Obedience is one of the vows of the order. Probably he disobeyed orders to report to certain places or do certain jobs because he was too busy being a peace activist.
Rather than discipline for his opinions, they clearly decided to discipline for his failure to follow one of his solemn vows. And to make it clear that he was refusing to mend his ways, they ordered him to report to a “specified house” of the order. He failed to do so, even when he would told that failure would mean dismissal.
So, he was dismissed, with no complicated arguments about whether or not his peace protests were justifiable.
I don’t think the Pope has any say in this matter.

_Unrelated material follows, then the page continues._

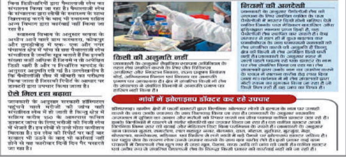
डिग्रीधारी लेब में जांच कर रहे रोगियों की जांच

क्षेत्र में अवेध लेब संचालित, अधिकारियों का ध्यान नहीं बिना डिग्रीधारी लेब में कर रहे रोगों की जांच
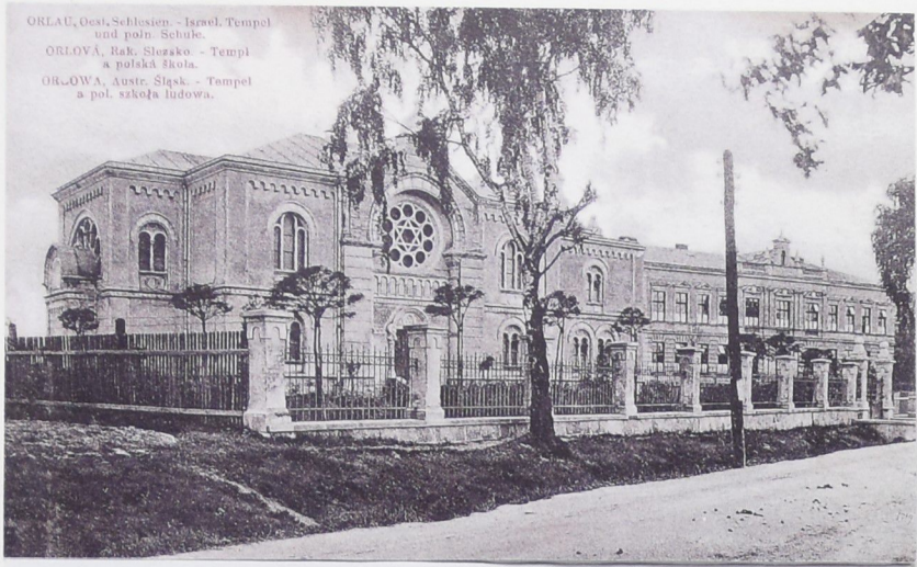
Budova orlovské synagogy se nacházela u okresní silnice mezi budovou sokolovny a polské školy. Ve třicátých letech 20. století si nechali postavit ortodoxní židé budovu vlastní modlitebny.

It’s the purview of the Jesuits, and the Pope is only a member, not the head of the Order.
The command seems to have been to return to the mother house, which he refused to do.

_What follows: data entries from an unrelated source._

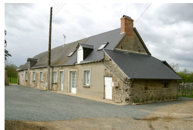
L'ancien logis-étable.
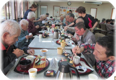
大好評 お寿司のおかわりが止まりません
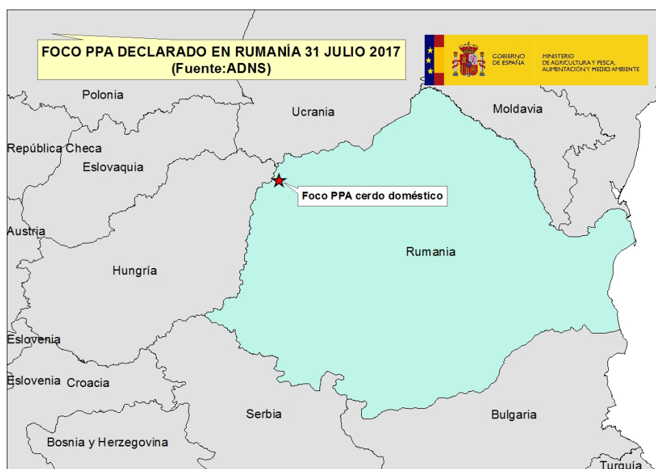
Mapa 1. Foco Rumanía 31 julio 2017

A continuación se incluye un mapa con la localización del foco declarado.

Many members of religious orders, from Thomas Merton to Daniel Berrigan, have gotten famous for doing things outside of the vocation of the religious order and have simply rejected the order’s control over them. They became celebrities and the order actually didn’t dare to discipline them.

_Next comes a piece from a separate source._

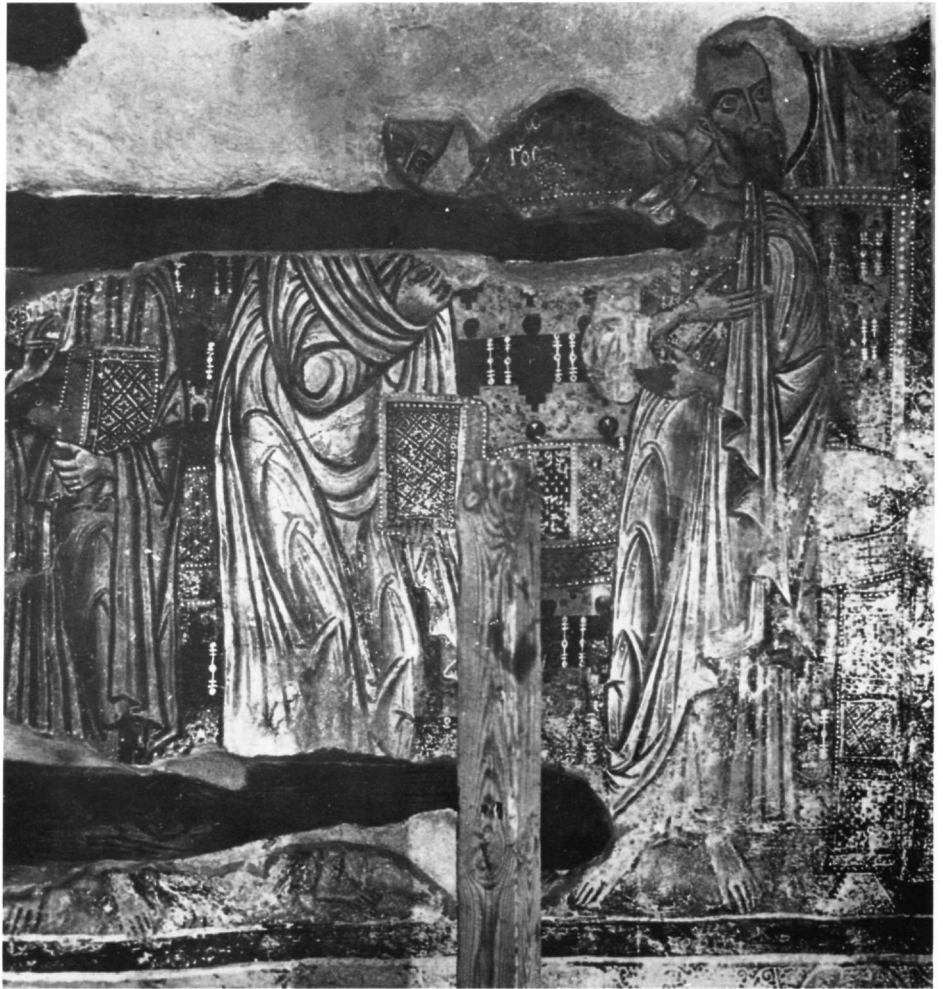
Εικ. 17. Άγιος Γεώργιος κοντά στον Κουβαρά Αττικής. Η Δευτέρα Παρουσία, λεπτομέρεια.

Ο άγιος Ευστάθιος — το πρόσωπό του είναι τελείως κατεστραμμένο — φορεί κατάκοσμη στρατιωτική στολή. Η τριγωνική του ασπίδα μαρτυρεί δυτική επίδραση 27 και οι ιμάντες της, που θα χρησίμευαν για την ανάρτησή της, προδίδουν κάποια ρεαλιστική διάθεση του βυζαντινού τεχνίτη.

Merton brought a lot of money into his order and therefore was allowed to live a nice “celebrity monk” life in his own space, write, have guests, travel as he wanted, etc.
Berrigan brought a lot of publicity to his order and they obviously thought this excused everything else he did.
But things have changed, and while I’m sure both Francis and the Jesuits probably think Dear’s leftist “peace activism” is just fine, it seems that maybe they want members of the order to remember that they are, in fact, members of the order.
Word on the street is that the Jesuits had found out that he had asked a Franciscan of the Immaculate to teach him how to offer the Traditional Latin Mass ;)
The Jesuits are in need of major housecleaning.
That's nonsense, isn't it? Pope Francis, since he accepted the position of Bishop of Rome, is neither under the authority of the Society of Jesus nor in authority over its internal matters.